Monday, October 25, 2010

What's Happening on the Farm

Breaking apart garlic heads for garlic planting
   With the sweet potatoes all out of the ground, we're now starting to sort them.  First we set some aside for "seed" for next year.  When planted in our cold frames in early spring, the sweet potatoes will send up lots of "slips" which we then plant.  Even though we have many bushels of sellable potatoes, there are also plenty of tiny, cracked, etc. potatoes that have us thinking we ought to finally get started with a couple pigs.
  We've also been working on pulling the peanuts off the vines.  After digging the vines we brought them (peanuts still attached) to one of our buildings where we pull the peanuts off.  The peanuts are then put on trays to dry.  We then feed the vines to Elsea our cow.
  We finished planting strawberries a couple weeks ago, expanding a bit from last year.  The neighbor farmer brought over some straw for us to mulch them.  This is especially important for keeping strawberries clean.  The mulch is also great for weed control and eventually organic matter for the soil.  Now going on to our fourth season here, we are starting to see the regular additions of mulch and manure, along with cover crops, making a difference.  We also finished planting the garlic, shallots and multiplier onions.  We expanded this patch too!  We're hopeful the multiplier onions will give us plenty of spring onions come early spring.  We've also been planting the fields that don't have fall or over-wintered crops to cover crops.
  During this recent warm weather we've seen a good bit of bee activity on asters, small white or purple wildflowers.  We were hopeful the bees were getting some winter honey stored for themselves from it, but it seems it has barely helped them hold their own.  It's definitely time now to feed the colonies that didn't maintain sufficient stores to make it through the winter.  Although we had a very good honey crop, it came early and was very short, so it's been a good five months since the bees had any opportunity to get ahead.  Summers are very typically discouraging, trying just to limit losses from queen problems, starvation, disease, robbing, etc., and knowing that the next real opportunity to make honey isn't until next May.  At this point we're hoping just to hold on to as many hives as we had this year for next year.
  We ended up with only one goat in milk this summer.  Now that we have a bit more time, we've been milking her once a day and making a simple cheese for ourselves.  Our other cow, Mary May, is due at Thanksgiving.
  We're certainly looking forward to winter.  But to keep ourselves disciplined we have a few projects we hope to get done, including hooking up a wood stove, building fences, shoveling out and spreading manure, building grape and kiwi trellises, reconfiguring the chicken fences around the gardens, assembling and cleaning up bee equipment, sorting and shelling and winnowing corn for cornmeal, planting trees, pruning, maybe building a greenhouse, building/setting up some basic infrastructure for a couple pigs...

The Harvest


Look what I found in the garden

What's that in your hair Nora?

Monday, October 4, 2010

Wet Pockets

Paul  said the grass got his pants wet.  Upon further inspection, we found them filled with muscadine grapes!

Butter

Nora and Paul milking Elsea

Skimming the cream

Churning the cream into butter
4 pounds of butter!

Sunday, October 3, 2010

Okra

It's almost too late to be sharing an okra recipe, but maybe you stocked up your freezers with enough okra to keep trying new okra recipes all through the winter. We've certainly had a bounty of okra this year. Maybe we shouldn't have planted that extra little row in the triangle garden. Now that the okra plants need to be bent over to be picked and are still growing strong, Melissa might confess -- Eric never! -- that she's gotten a bit tired of okra. We've sauted it, stewed it, roasted it, and fried it. Then a week ago we discovered a new way to cook it. Okra fritters! Suddenly, we weren't sure we'd frozen enough okra to keep us in fritters for the winter. We're nearing the end of the okra season, so enjoy some now and make sure you are stocked up for the winter, too.

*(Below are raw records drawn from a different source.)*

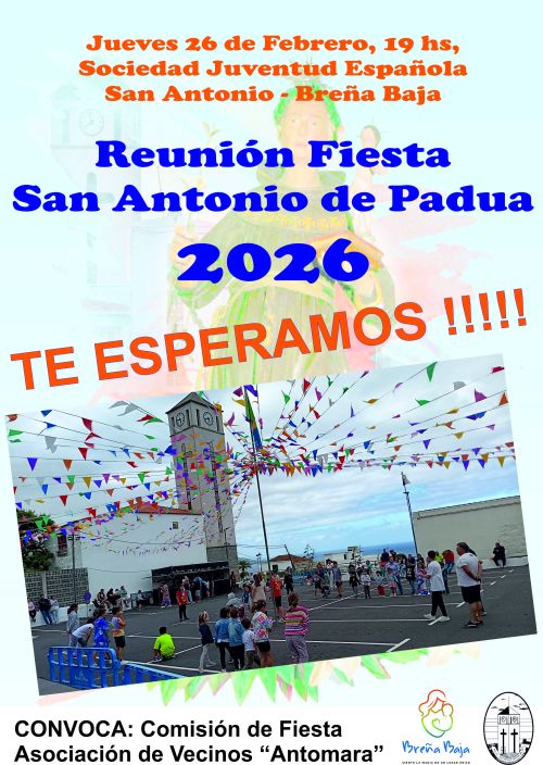 El jueves 26 de febrero, la Comisión de Fiesta de San Antonio de Padua, conjuntamente, con la Asociación de Vecinos “Antomara” de San Antonio y el Ayuntamiento de Breña Baja, convocan una reunión a las 19 hs. en la Sociedad Juventud Española de San Antonio.
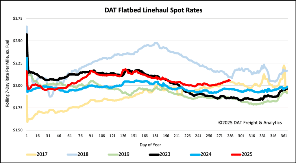 Flatbed rates experienced a modest increase last week, rising by a penny to just over $2.07 per mile. This current rate is $0.10 higher than last year and $0.20higher than in 2023. Notably, the 2025 spot rate continues to track closely with 2017, a year marked by a strong industrial economy for flatbed carriers.
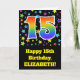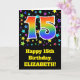 Die Vorderseite dieses aufregenden, lustigen und lebendigen Geburtstagskarten-Designs zeigt viele farbenfrohe Sterne, zusammen mit der Zahl "15" mit einem farbigen Regenbogen-inspirierten Farbverlaufsmuster auf schwarzem Hintergrund. Auf der Vorderseite befindet sich auch eine Geburtstagsgrüßbotschaft mit einem personalisierten Empfängernamen. Im Inneren befindet sich eine individuell angepasste Geburtstagsgrüßbotschaft, oder man könnte sie löschen und leer verlassen werden, wenn eine Nachricht von Hand geschrieben werden soll. Eine individuell anpassbare Geburtstagskarte wie diese könnte eine lustige Art sein, jemandes fünfzehnten Geburtstag zu bestätigen. [~Z0000348]

Okra Fritters (adapted from Everyday Food)

2 cups oil or lard
1/2 cup cornmeal or flour
salt and pepper
2 cups coarsely chopped okra
1/2 small onion diced small (1/2 cup)
1 egg
1/4 cup buttermilk

1. In a large, heavy skillet, heat oil over medium. In a medium bowl, combine flour, 1/2 tsp. salt, and 1/4 tsp. pepper. Add okra and onion and toss to coat. In a small bowl, whisk together egg and buttermilk. Add to okra mixture and stir just until combined.

2. In two batches, drop batter in 2-tablespoonful mounds into oil. With a small spatula or butter knife, gently flatten each mound and fry until golden, about 4 minutes per side, flipping once (adjust heat if browning too quickly). Drain on paper towels. Season with salt and serve warm.